DIRECTIONS FOR THIS TASK
Below are some records; give them all again exactly, but not the pictures.

[Saved data entries]
»»
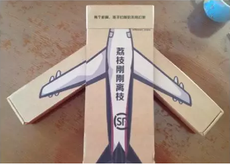 順豐優(yōu)選的荔枝包裝,用包裝盒可組合成飛機(jī)形狀,不僅能體現(xiàn)出順豐空運(yùn)速度,同事給受眾驚喜,產(chǎn)生分享。
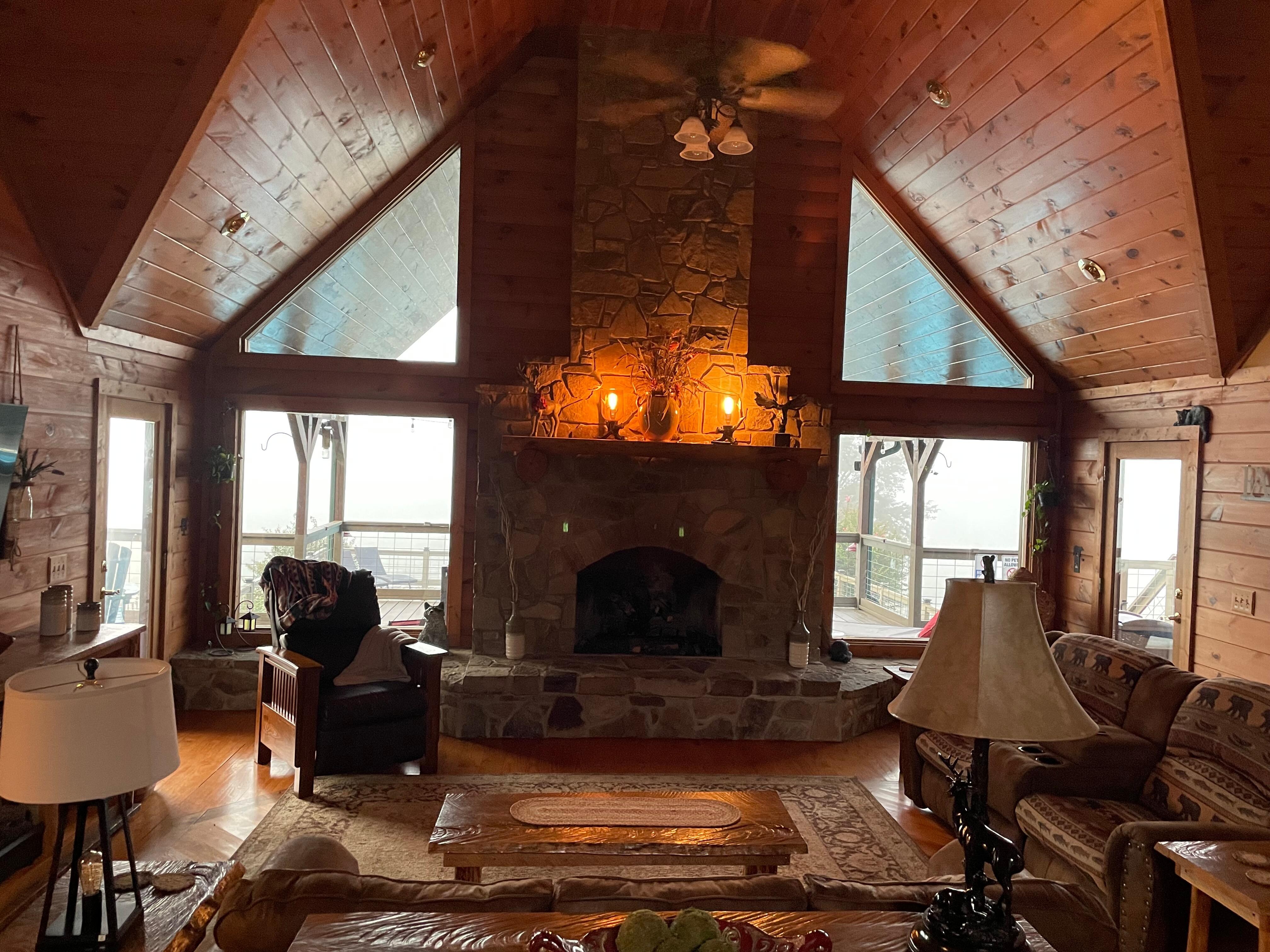 Free EV charger on site!!! This little piece of heaven is in even more beautiful than the pictures can show!! Sitting on two acres on top of a mountain side in the Cumberland Plateau, Heavens View Lodge has 4 bedrooms and sofa queen sleeper. The view’s are the main attraction about this Log home. Year around relax by the swimming pool, Hot tub that seats 6, walk down to the Fire-pit with seating for 10 people, wood provided, 2 corn hole games, Basketball Goal, swing set, children’s play room, back porch has wood burning outdoor fireplace, the covered deck for those cool Fall and Winter nights, four more chairs on side deck for taking in the view, large gas grill and smoker grill, six person table with umbrella, two outdoor couches, large lounger, side of the house you have two chairs to relax, two chairs on front porch to relax, WiFi for the lodge is 100m, cable is provided by You-Tube TV, lots board games for all ages, lots of books, the Master Bedroom has 16 foot ceilings, double doors leading to the back deck, the master closet is cedar, the master bathroom has a large soaking tub with a custom waterfall and candlelit for relaxation, his and hers sinks, large shower with two spray nozzles, the second bedroom on main floor has King size bed, 50 inch 4K smart TV, ceiling fan, double doors leading to back deck, cedar closet, the third bedroom on main floor has king size bed, 50 inch 4K smart TV, ceiling fan, cedar closet, fourth bedroom upstairs has King size bed, 43 inch 4K smart TV, desk, cedar walls from trees on the property when built, full bathroom, game room upstairs has a sleeper couch that makes into a queen bed, a power recliner, kids area with tepee and separate little doll house, pool table, pub table, putting golf game, the main level has a open floor plan, 25 foot ceilings in living room, OLED 65 inch 4K smart TV, electric fireplace under TV, rock gas fireplace, you have to see all the hand carved tables and beds thru out the home, they were all made from a local craftsmen, kitchen with all the top amenities, raised breakfast bar that seats 6 people, the custom dining room table, large laundry room with washer and dryer and large utility sink, pack’n play-on the go playard, lots of toys for all ages, very private with no houses around you
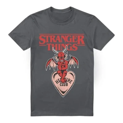 Stranger Things Hellfire Heart Unisex T Shirt, Charcoal, XX Large
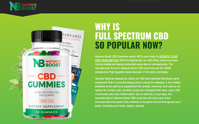 Nature's Boost CBD Gummies are a natural supplement that contains cannabidiol (CBD) extracted from hemp plants. These gummies are formulated to provide a convenient and tasty way to enjoy the potential benefits of CBD.
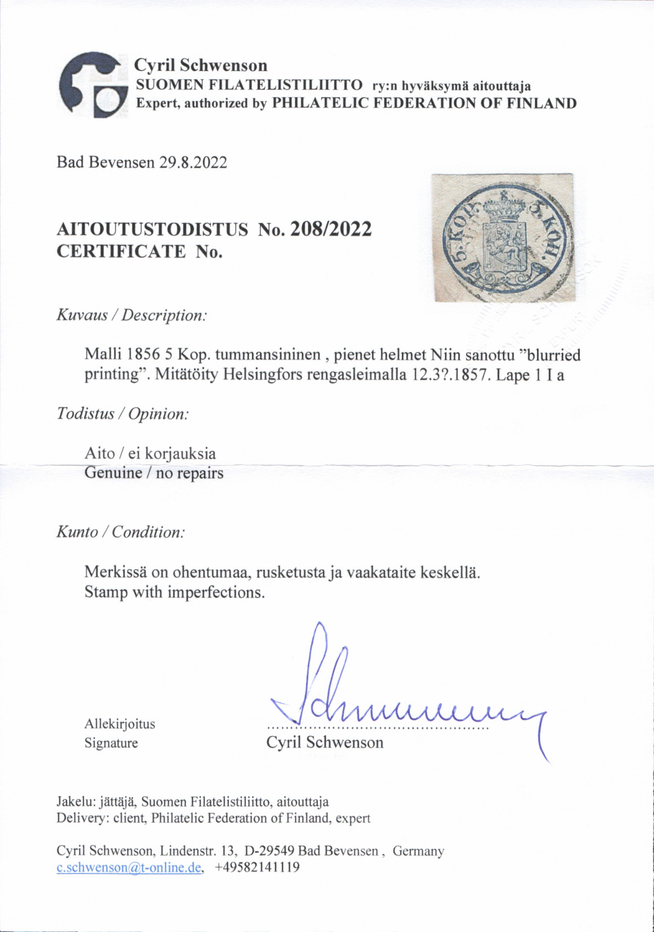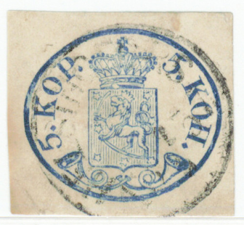 5 kop pienet helmet, tummansininen (ns. blurried printing), leveät reunat, siisti Helsingfors 1857. Ohentumaa, rusketusta ja vaakataite. (L. 1 Ia) Aitoutus: Schwenson (2022)
««
RESPONSE TO THE EXERCISE
 順豐優(yōu)選的荔枝包裝,用包裝盒可組合成飛機(jī)形狀,不僅能體現(xiàn)出順豐空運(yùn)速度,同事給受眾驚喜,產(chǎn)生分享。
 Free EV charger on site!!! This little piece of heaven is in even more beautiful than the pictures can show!! Sitting on two acres on top of a mountain side in the Cumberland Plateau, Heavens View Lodge has 4 bedrooms and sofa queen sleeper. The view’s are the main attraction about this Log home. Year around relax by the swimming pool, Hot tub that seats 6, walk down to the Fire-pit with seating for 10 people, wood provided, 2 corn hole games, Basketball Goal, swing set, children’s play room, back porch has wood burning outdoor fireplace, the covered deck for those cool Fall and Winter nights, four more chairs on side deck for taking in the view, large gas grill and smoker grill, six person table with umbrella, two outdoor couches, large lounger, side of the house you have two chairs to relax, two chairs on front porch to relax, WiFi for the lodge is 100m, cable is provided by You-Tube TV, lots board games for all ages, lots of books, the Master Bedroom has 16 foot ceilings, double doors leading to the back deck, the master closet is cedar, the master bathroom has a large soaking tub with a custom waterfall and candlelit for relaxation, his and hers sinks, large shower with two spray nozzles, the second bedroom on main floor has King size bed, 50 inch 4K smart TV, ceiling fan, double doors leading to back deck, cedar closet, the third bedroom on main floor has king size bed, 50 inch 4K smart TV, ceiling fan, cedar closet, fourth bedroom upstairs has King size bed, 43 inch 4K smart TV, desk, cedar walls from trees on the property when built, full bathroom, game room upstairs has a sleeper couch that makes into a queen bed, a power recliner, kids area with tepee and separate little doll house, pool table, pub table, putting golf game, the main level has a open floor plan, 25 foot ceilings in living room, OLED 65 inch 4K smart TV, electric fireplace under TV, rock gas fireplace, you have to see all the hand carved tables and beds thru out the home, they were all made from a local craftsmen, kitchen with all the top amenities, raised breakfast bar that seats 6 people, the custom dining room table, large laundry room with washer and dryer and large utility sink, pack’n play-on the go playard, lots of toys for all ages, very private with no houses around you
 Stranger Things Hellfire Heart Unisex T Shirt, Charcoal, XX Large
 Nature's Boost CBD Gummies are a natural supplement that contains cannabidiol (CBD) extracted from hemp plants. These gummies are formulated to provide a convenient and tasty way to enjoy the potential benefits of CBD.
 5 kop pienet helmet, tummansininen (ns. blurried printing), leveät reunat, siisti Helsingfors 1857. Ohentumaa, rusketusta ja vaakataite. (L. 1 Ia) Aitoutus: Schwenson (2022)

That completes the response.